男鹿プリンスホテル ~憎まれし風評ジャングル~

男鹿プリンスホテル (おが)

男鹿プリンスホテル 外観
湧き出る剛毛王子様

About 男鹿プリンスホテル

秋田県男鹿市北浦湯本草木原58-8にある廃墟ホテル。心無い人々によって「秋田県イチの心霊スポット」と揶揄されており、廃業から40年近く経っているがその知名度は県内外に轟いている。しかし当委員会ではあえて冷静に取り上げよう。

スポット評価

終末度合い25
訪問難易度13
観光地要素16
化石的価値23
総合評価77

一目見ればその退廃度合いに関心することだろう。文句なしに久々のトップ10ランクインだが、B級かと言われると少々疑問は残るためやや減点が入った。ただプリンスと言われるだけあり、規模も迫力も群を抜いていることは確かだ。

さじなげB級ポイント

まずはじめに釘を指しておくが、本ホテルは「所有者の意思によって解体されていない」物件である。言い換えれば地権者は現存しており、行政の管轄ではないということだ。この点が夜逃げ大王「丸富ホテル」とは大きく異なる。

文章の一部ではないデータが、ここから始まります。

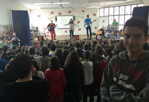 Los dos ejercieron de productores y directores del primer videoclip de A Gramola Gominola, un grupo de música infantil en gallego con una propuesta tan diferente que ha sido nominado en su categoría en la presente edición de los Premios Martín Códax de la Música. El trabajo audiovisual se estrenó ayer en el colegio melidense Mestre Pastor Barral, porque sus ciento setenta alumnos son los coprotagonistas de la narración audiovisual de Campión Internacional, uno de los temas del libro-disco que A Gramola Gominola puso en el mercado el año pasado.

よって当然のことだが敷地内への侵入、および建物内の散策は犯罪である。

当委員会では廃墟はもちろん廃村も含め多大なる経緯を持ち、調査目的で訪問している。遊びでの散策や嘲笑は言語道断である。我々は強く誇示したい。

男鹿温泉郷 遠目
中央左にある橙屋根が当該物件である。手前のホテルたちは当然現役だ。

閑話休題、入口はバリケードで固く閉ざされているはずの「男鹿プリ」だが、いつの日からか無断にこじ開けられたままとなっている。これは中嶌が高校の頃好きで一緒にご飯に行ったことがある望野さんが、大学になって志田というチャラ男に洗脳されある日ファミレスで手マンされていたことを人づてに知ったときくらい悲しい。

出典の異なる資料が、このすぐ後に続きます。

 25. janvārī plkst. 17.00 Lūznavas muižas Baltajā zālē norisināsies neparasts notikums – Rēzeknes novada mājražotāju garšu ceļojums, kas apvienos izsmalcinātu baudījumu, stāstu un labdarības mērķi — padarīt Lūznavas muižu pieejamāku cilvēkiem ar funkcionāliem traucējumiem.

形を残したままの廃墟にも様々な未来がある。大滝グランドホテルのように固く閉ざされたまま地域に溶けていくものもあれば、厚生年金休暇センターのように全く忘れられたままのものもある。

しかしここはどうだろうか。ナマハゲ伝説も相まってか奇怪なレッテルを貼られ、ときには性交渉の場として嬲られることもある。人は都合の悪い事象を無下に敵視し、己の不平不満のはけ口とするものだ。オイ志田、聞いてるか。

男鹿プリンスホテル 道中
画面奥にそれは在るが、手前には民家もある。

各種廃墟系サイトや心霊サイトでは道のりを記述することが少ないように感じるが、当物件は手前に「市民が在住する民家」がある。幾重にも及ぶ迷惑行為をどう受け取っているのか、想像もできない。

「死体が埋まっている」「霊が見える」などのウワサが流布され、廃墟の価値観そのものが捻じ曲げられる昨今の風潮に我々は警鐘を鳴らしたい。
樺太に残る日本製工場や軍艦島を見て同じように騒ぎ立てる輩はいない。形がどうであれ、マナーをもって見学するのが人間としての在り方ではないか。

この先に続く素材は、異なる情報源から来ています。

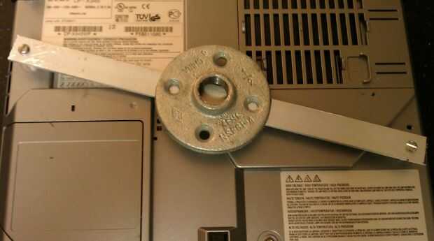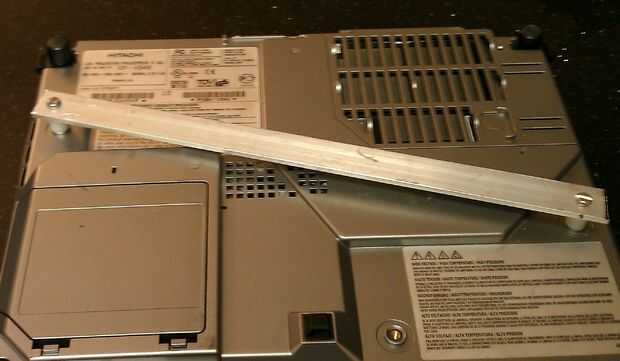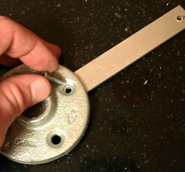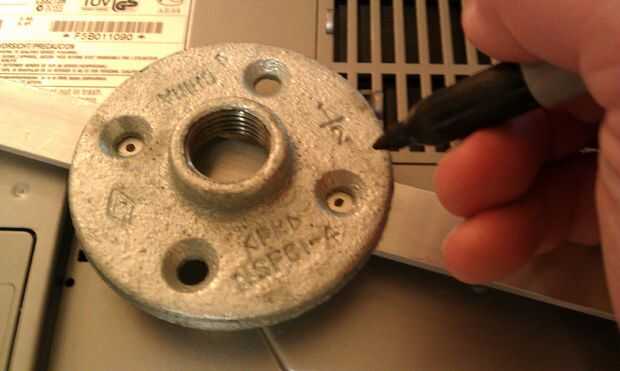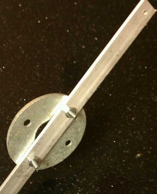 Coloque la brida en la parte superior la tira de aluminio por lo que la brida se centra en el proyector y la tira de aluminio es visible a través de dos de los orificios. Luego, marque la tira de aluminio en el centro de los dos orificios. Perfore un agujero a través de cada una de estas dos marcas.

そもそもそんな話、どの廃墟にもある話なのだから。命は自己責任でしかない。

男鹿プリンスホテル 入口
入口付近。一部のドアやガラスは破壊されているのがわかる。

1969年にオープンし、6階建てと当時最高峰の規模を誇った男鹿プリは、現在の男鹿温泉郷から道路をひとつ離した高台の上に建っている。

往時の日本海の眺めはさぞ素晴らしかったことだろう。都市伝説よろしく、「信じるか信じないかは貴方次第」だ。現代人にレイプされる歴史の証人を眺めて、皆さんは何を感じるだろうか。どう扱うべきだろうか。

赤レンガ郷土館康楽館、もっと言えば原爆ドームや地元の防空壕が同じ扱いをされていたら、地元の方はどう思うだろうか。いま一度考えてほしい。